• _WHAT IS NEEDED_
Would you return exactly the lines from the top of the data below through the one containing "SponsoredIntoTheBlock’s In/Out of", leaving out the pictures?
START INPUT
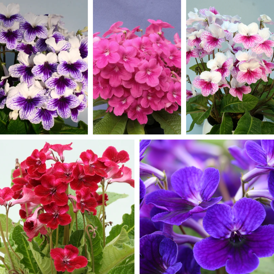 This is a collection of 5 Streptocarpus from the German breeders, Fleischle Gartenbau. All individually named. A great way to receive a range of colours at a reduced cost. Varieties:-
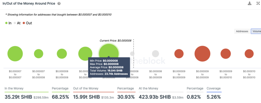 SponsoredIntoTheBlock’s In/Out of Money Indicator suggested that for now, the $0.000008 mark, where 23,740 addresses hold 16.04 trillion SHIB, can act as a strong support.
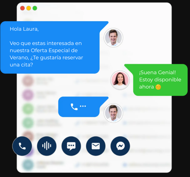 Comunicación bidireccional en cualquier dispositivo. Nuestra completa aplicación móvil te permite comunicarte con tus leads en cualquier dispositivo.
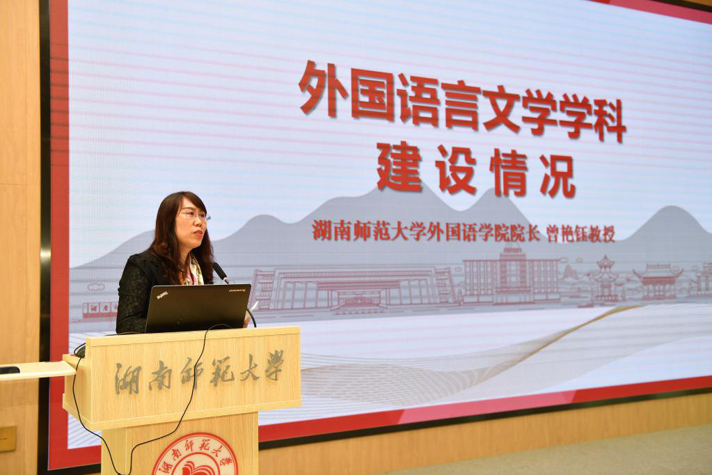 在613多功能报告厅,曾艳钰从历史沿革、学科发展、师资队伍、人才培养等方面介绍了学科的基本情况,一是深度融入国家外语教育改革总体设计,二是坚持立德树人培养拔尖创新外语人才,三是对标国际一流推进高水平教师队伍建设,四是铸就一流科研竞争力彰显强大社会服务力,五是坚定文化自信致力中华文化译介与推广。
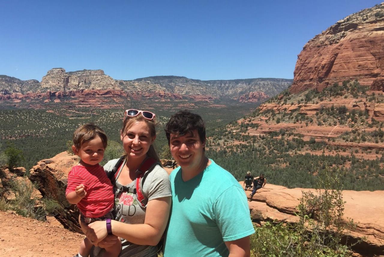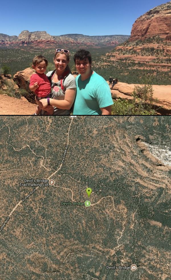 We loved the red rock views on this hike! It's a 3.6 mile round-trip trail, on rocky/sandy ground, and is fairly easy, until the last mile, which is steep. Dozens of jeeps and ATVs passed us - there are plenty of local tourist companies that can take you up there if you don't want to hike the whole way. Lots of dogs on the trail (use a leash). At the end, Devil's Bridge was AMAZING and beautiful! We hiked on Memorial Day weekend, and it was suuuper busy, so people were waiting in line to go out onto the rock bridge and take a selfie. We didn't want to wait forever so we just took a picture from the mountain. :) The weather at the end of May was lovely - not a cloud in the sky, but breezy enough that we didn't get too hot (probably 80 degrees F while we were hiking at 1:00 pm). There were soooo many cars that we had to park on the main road, and that added about a mile to our hike each way. We hiked with our 1 year old toddler, and just ended up taking turns carrying him the whole way since we didn't have a baby backpack. It took us about 2 hours to get up and about 90 minutes to get down.
END INPUT
• _ANSWER SPACE_
 This is a collection of 5 Streptocarpus from the German breeders, Fleischle Gartenbau. All individually named. A great way to receive a range of colours at a reduced cost. Varieties:-
 SponsoredIntoTheBlock’s In/Out of Money Indicator suggested that for now, the $0.000008 mark, where 23,740 addresses hold 16.04 trillion SHIB, can act as a strong support.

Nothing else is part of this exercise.